▶ EXCERPTED DATA
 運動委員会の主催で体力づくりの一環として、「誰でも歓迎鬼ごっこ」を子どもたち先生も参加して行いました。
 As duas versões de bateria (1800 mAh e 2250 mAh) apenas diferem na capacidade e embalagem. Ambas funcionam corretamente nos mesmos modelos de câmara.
==
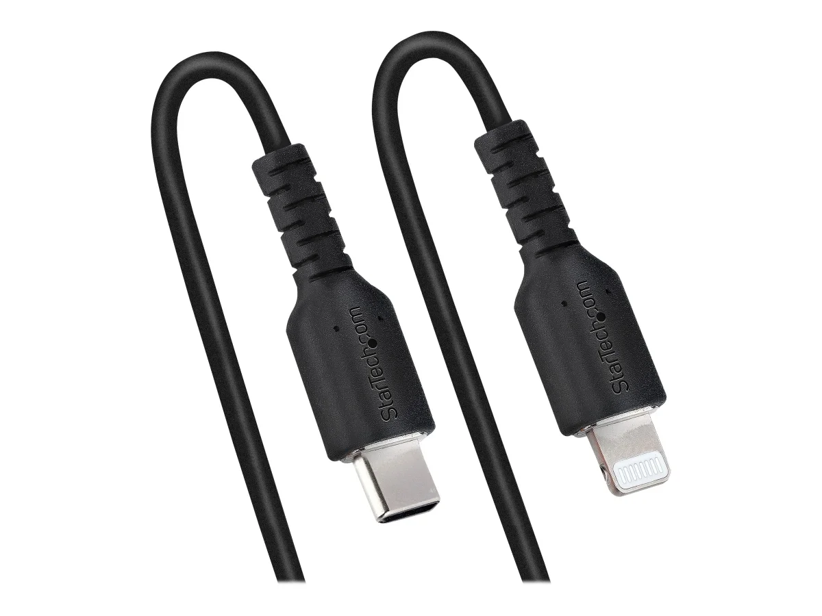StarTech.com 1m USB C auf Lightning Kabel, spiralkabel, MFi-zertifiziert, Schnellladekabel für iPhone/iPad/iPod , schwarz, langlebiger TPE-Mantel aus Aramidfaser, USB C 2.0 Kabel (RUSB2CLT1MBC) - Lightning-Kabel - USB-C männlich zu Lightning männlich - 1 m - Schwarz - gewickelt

▶ TASK ITEM
The answer is the lines above between the line holding "運動委員会の主催で体力づくり" and the line holding "As duas versões", inclusive, each written out exactly, and no others.

▶ SOLUTION FOR THIS TASK
 運動委員会の主催で体力づくりの一環として、「誰でも歓迎鬼ごっこ」を子どもたち先生も参加して行いました。
 As duas versões de bateria (1800 mAh e 2250 mAh) apenas diferem na capacidade e embalagem. Ambas funcionam corretamente nos mesmos modelos de câmara.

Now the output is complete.